Greska: Marquette memories and lasting legacies

I was taking a weekend tour of the University of Oxford in 2011 while studying abroad in England when Marquette blew a 16-point second half lead to Louisville. I only had a brick cell phone and this was before mobile internet was the norm, so I had no idea what had occurred until later that night when I logged in to MUScoop and saw the existential meltdowns (which, to be fair, happen after most games).

Without having to re-live the particulars of that game, I think the KenPom win probability chart is all you need to see to understand why this was such a particularly painful loss.

The rest of that season, no lead felt safe for me. There was always a sense of doom right around the corner. This was a team with three eventual NBA draft picks in Jimmy Butler, Jae Crowder and Darius Johnson-Odom, as well as two more players who logged NBA minutes in Dwight Buycks and Vander Blue. It did not lack for talent.

And yet this squad finished 9-9 in a loaded Big East, and was squarely on the bubble as the season ended, needing victories over Providence and West Virginia in the Big East Tournament to feel safe. And was still only an 11-seed when the bracket came out.

Why am I spending an NCAA gameday reminiscing about things that happened 14 years ago? Despite being a team that decreased my lifespan by a few days and caused me tremendous angst with their up and downs, when I think about 2011, I barely remember the mediocre regular season and instead can only recall Jimmy making Tu cry, DJO’s clutch 3 against Syracuse with Gus Johnson on the call, and a Sweet 16 run that broke MU through the first weekend ceiling for the first time since Wade’s Final 4 run.

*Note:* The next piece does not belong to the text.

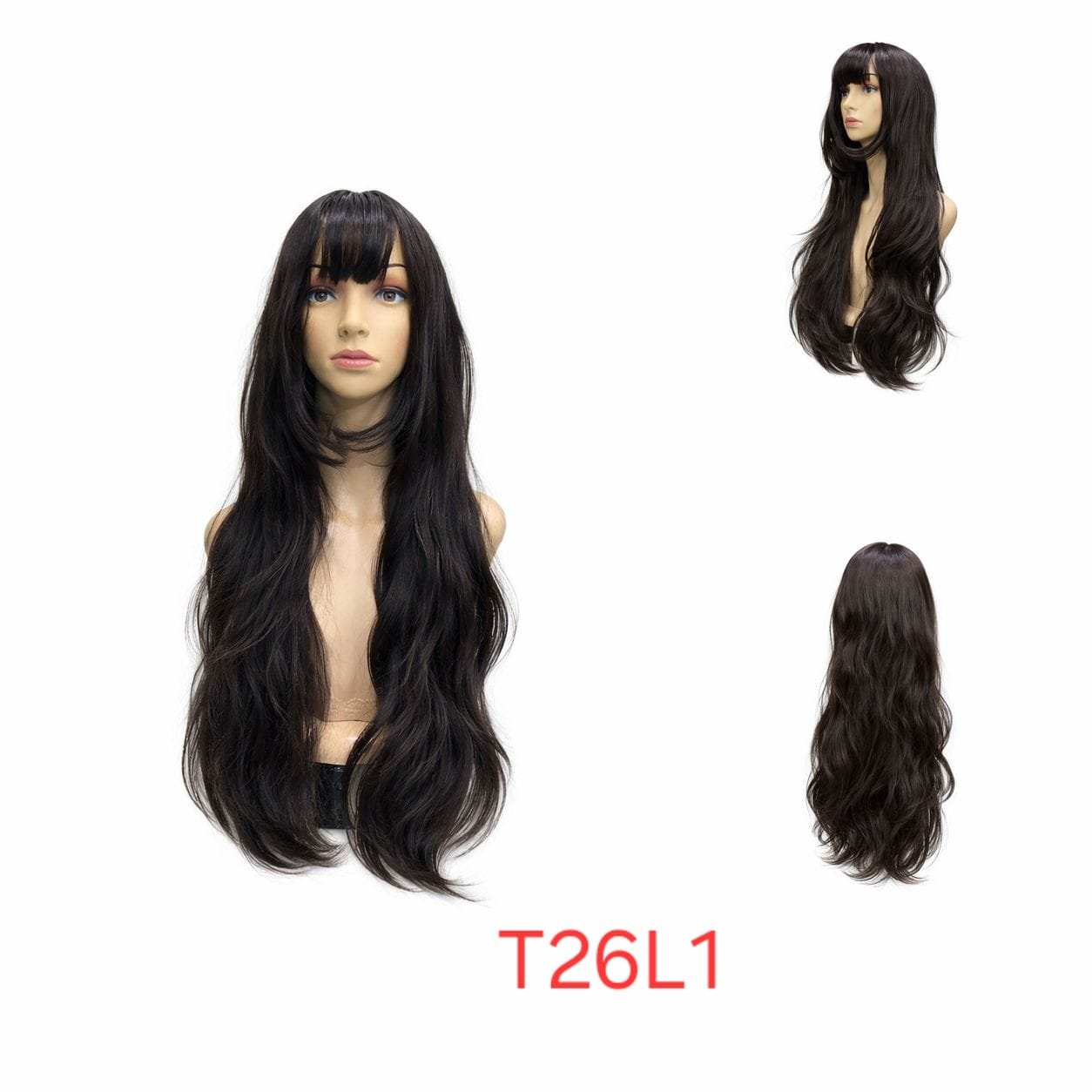 شعر مستعار صناعي مقاوم للحرارة، شعر طويل مموج مع غرة، لون داكن، موديل T26L1
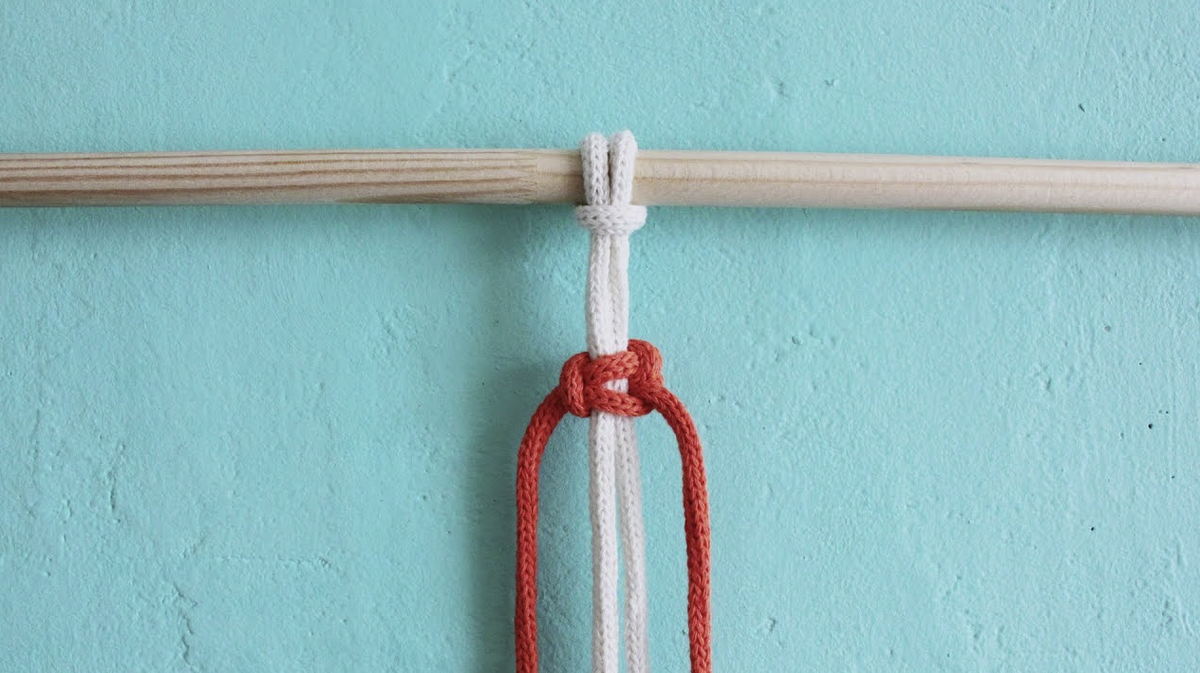 4. Растяните левый и правый шнуры в стороны — так вы завершите первую половину левого квадратного узла.

I don’t remember the expectations. I don’t fret about the losses. That Sweet 16 cured all. Yes, that same team got truck-sticked by North Carolina in its next game, but it felt like a house-money game. The season was an unabashed success.

***

If you’re reading something on Paint Touches, you are probably in the 1% of NCAA basketball fans. We have a niche audience for a niche sport on a relatively niche team. And you probably know that I lean on the analytics portion of the game a little too much for any sort of analysis. So it will not surprise you that I will argue until the cows come home that regular season performance should count WAYYYY more than what a random variance generator that is a single elimination tournament provides. Performing well over the course of 30+ games is significantly more impressive than doing it for one or two.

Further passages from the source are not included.